Друзья и знакомые не могли не заметить изменений в поведении и характере Гёте. Он стал более резким, молчаливым, даже замкнутым, что было особенно заметно в первые минуты разговора. Однако стоило ему увлечься, как скованность проходила, и он раскрывался, как прежде. В такие моменты он снова говорил с жаром и воодушевлением, внимательно слушал собеседника и, казалось, забывал обо всем, но при этом продолжал себя контролировать. Он безупречно владел собой и сам решал, когда он хочет быть откровенным и общительным. «Я обустраиваюсь в этом мире, ни на йоту ни уступая той своей сущности, что поддерживает меня внутренне и делает меня счастливым»[642]. Отныне он более четко разделяет внутреннее и внешнее, полагаясь на собственное чутье в том, что касается его неотъемлемой внутренней «сущности». Некоторых это ужасно раздражало. Новый Гёте разочаровывал их. Так, например, Виланд, который в первые месяцы в Гёте души не чаял, впоследствии жаловался Мерку: «Теперь же у меня такое чувство <…>, будто его гений безвозвратно покинул его; его воображение словно потухло; вместо всеоживляющего тепла, что исходило от него прежде, он окутан политической стужей»[643]. Поначалу Мерк не хочет верить этим обвинениям, по его мнению, Гёте «ничуть <…> не утратил свою прежнюю поэтическую индивидуальность, в нем лишь усилилась жажда познания людей и мира, а отсюда – мудрость и ум, как у мужчины»[644]. Однако год спустя и Мерк был сбит с толку поведением Гёте, который встретил его «так сухо и холодно», «как будто к нему пришел не старый друг, а подчиненный чиновник или проситель»[645].

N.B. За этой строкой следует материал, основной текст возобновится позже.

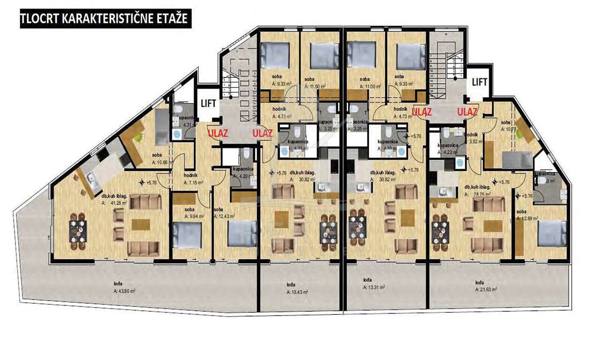 Dieses beeindruckende Wohnkomplex bietet sechzehn Wohnungen mit jeweils zwei oder drei Schlafzimmern und Wohnflächen zwischen 73 m² und 162 m².

Эти слова были написаны Мерком летом 1779 года. Гёте совсем по-другому воспринял эту встречу, записав у себя в дневнике: «Благотворное воздействие Мерка на меня, его присутствие ничего не сместило во мне, но лишь сняло с меня несколько тонких оболочек, укрепив в том, что издавна было хорошего <…>, показало мне мои действия в отражении чудесного зеркала, ибо он – единственный человек, до конца понимающий, что я делаю и как я это делаю, но при этом видящий все иначе, чем я, с другой точки зрения, и это дает отрадную уверенность»[646].
«Отрадной уверенности» в том, что его решение остаться в Веймаре было правильным, в первые два года у Гёте еще не было. Нетрудно заметить, как он сам старается убедить себя. Он хочет что-то доказать самому себе. При этом он действует решительно и последовательно. Шаг за шаг он все глубже вникает в государственные дела и берет на себя все больше ответственности. Впрочем, он и это воспринимает как эксперимент, позволяющий понять, к лицу ли ему «роль вершителя судеб» и как при этом чувствует себя его поэтическая натура.
Результатом этого внутреннего сопоставления своих наклонностей, одна из которых влекла его к искусству и поэзии, а все прочие – к «мирским делам», стало «Театральное призвание Вильгельма Мейстера», а точнее, его первая, неопубликованная при жизни редакция. В январе 1777 года Гёте начал надиктовывать этот роман, снова и снова возвращаясь к нему на протяжении всего года. Так появилась первая его часть, затем был долгий перерыв, и лишь в начале 1780-х Гёте продолжил работу над ним. Уже тот факт, что этот роман, в отличие от «Вертера», Гёте писал не своей рукой, свидетельствует об определенной дистанцированности. Когда автор надиктовывает свое произведение, отношения между ним и его творением складываются совершенно иначе. Писатель не остается наедине с написанным, а присутствие посредника лишает его слова непосредственности, чистоты выражения. Это уже не «излияние души» в письмах, как в случае «Вертера», которое создает у читателя иллюзию, будто он близко знаком с героем романа; здесь царит спокойный тон аукториального рассказчика – начиная с детства главного героя и до самого конца. В центре этой истории – любовь к театру, начавшаяся с детских марионеточных представлений. «С одними он играл в охоту, с другими в солдаты, изображая всадника на коне, – смотря по тому, чего требовал характер игры. При этом его преимущество перед другими состояло в том, что он умел искусно мастерить все снаряжение, необходимое для игры»[647].
Вживаться в роли и показывать в них себя – в этом для Вильгельма заключается высшее проявление жизни. В то же время он готов учиться театральному мастерству. Он околдован сценой, но хочет разбираться и в том, что происходит за кулисами. Вильгельм увлечен игрой сам и счастлив, когда ему удается увлечь публику. Он верит в то, что разыгрывает на сцене. Его настроение зависит от одобрения зрительного зала. Вскоре он понимает, что театральный мир – это неустойчивая конструкция, где равновесие поддерживается лишь за счет воодушевления, которым участники заражают друг друга. Нарушить этот хрупкий баланс способен трезвый реализм, далекий от каких-либо иллюзий. Подобное обывательское здравомыслие кажется Вильгельму «смолой, которая склеивает крылья его ума, силками, сковывающими высокий порыв души, свойственный ему от природы»[648].